**** Extracted entries ****

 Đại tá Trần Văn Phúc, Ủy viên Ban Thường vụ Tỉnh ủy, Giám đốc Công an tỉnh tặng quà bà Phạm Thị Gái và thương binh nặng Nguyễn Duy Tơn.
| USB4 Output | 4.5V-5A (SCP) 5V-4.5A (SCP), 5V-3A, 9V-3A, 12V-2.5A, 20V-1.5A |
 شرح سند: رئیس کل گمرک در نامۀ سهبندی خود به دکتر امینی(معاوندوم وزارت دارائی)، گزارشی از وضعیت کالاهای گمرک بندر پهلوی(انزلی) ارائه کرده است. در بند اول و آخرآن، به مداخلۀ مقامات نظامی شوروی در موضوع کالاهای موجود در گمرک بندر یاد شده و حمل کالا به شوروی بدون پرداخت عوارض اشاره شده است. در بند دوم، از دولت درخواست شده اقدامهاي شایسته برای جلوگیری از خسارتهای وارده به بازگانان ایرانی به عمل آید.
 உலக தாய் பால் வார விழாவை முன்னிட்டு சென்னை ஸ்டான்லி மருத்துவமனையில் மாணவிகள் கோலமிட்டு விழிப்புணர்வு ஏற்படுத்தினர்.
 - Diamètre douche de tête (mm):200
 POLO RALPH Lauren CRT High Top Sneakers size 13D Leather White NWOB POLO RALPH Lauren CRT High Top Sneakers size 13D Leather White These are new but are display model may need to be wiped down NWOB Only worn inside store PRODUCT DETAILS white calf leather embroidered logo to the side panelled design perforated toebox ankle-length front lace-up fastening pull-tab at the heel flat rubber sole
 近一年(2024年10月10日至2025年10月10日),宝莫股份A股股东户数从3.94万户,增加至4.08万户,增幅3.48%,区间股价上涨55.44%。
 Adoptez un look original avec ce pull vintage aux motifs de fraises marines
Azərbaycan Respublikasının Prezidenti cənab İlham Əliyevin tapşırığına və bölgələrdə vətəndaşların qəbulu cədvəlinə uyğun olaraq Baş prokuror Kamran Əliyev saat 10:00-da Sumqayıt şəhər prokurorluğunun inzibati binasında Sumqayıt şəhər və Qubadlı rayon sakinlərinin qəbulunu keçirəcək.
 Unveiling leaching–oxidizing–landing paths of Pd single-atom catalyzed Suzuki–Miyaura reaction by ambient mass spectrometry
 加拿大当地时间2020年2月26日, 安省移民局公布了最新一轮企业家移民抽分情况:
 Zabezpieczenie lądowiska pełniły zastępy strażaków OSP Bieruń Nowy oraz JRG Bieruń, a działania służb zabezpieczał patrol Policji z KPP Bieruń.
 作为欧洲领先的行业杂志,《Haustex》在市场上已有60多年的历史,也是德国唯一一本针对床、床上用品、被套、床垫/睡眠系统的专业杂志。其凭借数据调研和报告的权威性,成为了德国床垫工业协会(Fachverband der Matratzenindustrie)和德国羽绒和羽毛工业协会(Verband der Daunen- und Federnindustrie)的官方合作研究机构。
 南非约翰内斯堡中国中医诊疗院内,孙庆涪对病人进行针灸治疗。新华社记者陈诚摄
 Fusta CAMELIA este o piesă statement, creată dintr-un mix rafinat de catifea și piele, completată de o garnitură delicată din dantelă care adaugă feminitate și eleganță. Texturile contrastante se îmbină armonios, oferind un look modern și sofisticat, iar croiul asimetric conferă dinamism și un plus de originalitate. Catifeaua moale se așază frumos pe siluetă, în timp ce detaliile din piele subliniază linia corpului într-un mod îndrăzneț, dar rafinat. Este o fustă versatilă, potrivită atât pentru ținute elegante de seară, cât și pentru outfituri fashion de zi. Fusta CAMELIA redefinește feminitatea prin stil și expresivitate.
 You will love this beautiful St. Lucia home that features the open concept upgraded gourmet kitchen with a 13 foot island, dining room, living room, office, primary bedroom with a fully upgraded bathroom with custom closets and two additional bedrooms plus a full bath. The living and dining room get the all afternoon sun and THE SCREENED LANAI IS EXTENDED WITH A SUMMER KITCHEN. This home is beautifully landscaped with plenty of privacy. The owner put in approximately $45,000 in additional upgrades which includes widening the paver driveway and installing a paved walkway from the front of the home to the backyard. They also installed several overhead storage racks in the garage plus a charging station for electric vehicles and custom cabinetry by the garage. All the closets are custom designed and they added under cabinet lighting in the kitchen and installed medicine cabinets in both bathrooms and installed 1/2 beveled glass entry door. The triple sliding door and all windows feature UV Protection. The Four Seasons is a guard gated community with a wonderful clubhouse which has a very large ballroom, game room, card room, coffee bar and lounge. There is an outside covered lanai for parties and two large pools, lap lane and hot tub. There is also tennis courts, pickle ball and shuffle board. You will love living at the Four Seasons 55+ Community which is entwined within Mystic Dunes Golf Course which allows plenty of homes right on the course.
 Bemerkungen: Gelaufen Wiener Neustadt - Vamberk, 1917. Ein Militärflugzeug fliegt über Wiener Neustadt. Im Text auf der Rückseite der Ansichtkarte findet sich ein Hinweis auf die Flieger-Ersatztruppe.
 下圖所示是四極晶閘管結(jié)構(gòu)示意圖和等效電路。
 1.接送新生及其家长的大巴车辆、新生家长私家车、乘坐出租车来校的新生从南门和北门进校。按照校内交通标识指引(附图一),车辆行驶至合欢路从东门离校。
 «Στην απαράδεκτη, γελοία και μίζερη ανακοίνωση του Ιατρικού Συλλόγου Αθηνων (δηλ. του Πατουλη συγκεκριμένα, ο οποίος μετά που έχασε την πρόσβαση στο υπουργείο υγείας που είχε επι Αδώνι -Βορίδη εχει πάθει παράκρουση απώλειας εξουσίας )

****

• **Task item**
Across the entries above, find each line with the word "pull" and please copy it out.

• **Exercise result**
 POLO RALPH Lauren CRT High Top Sneakers size 13D Leather White NWOB POLO RALPH Lauren CRT High Top Sneakers size 13D Leather White These are new but are display model may need to be wiped down NWOB Only worn inside store PRODUCT DETAILS white calf leather embroidered logo to the side panelled design perforated toebox ankle-length front lace-up fastening pull-tab at the heel flat rubber sole
 Adoptez un look original avec ce pull vintage aux motifs de fraises marines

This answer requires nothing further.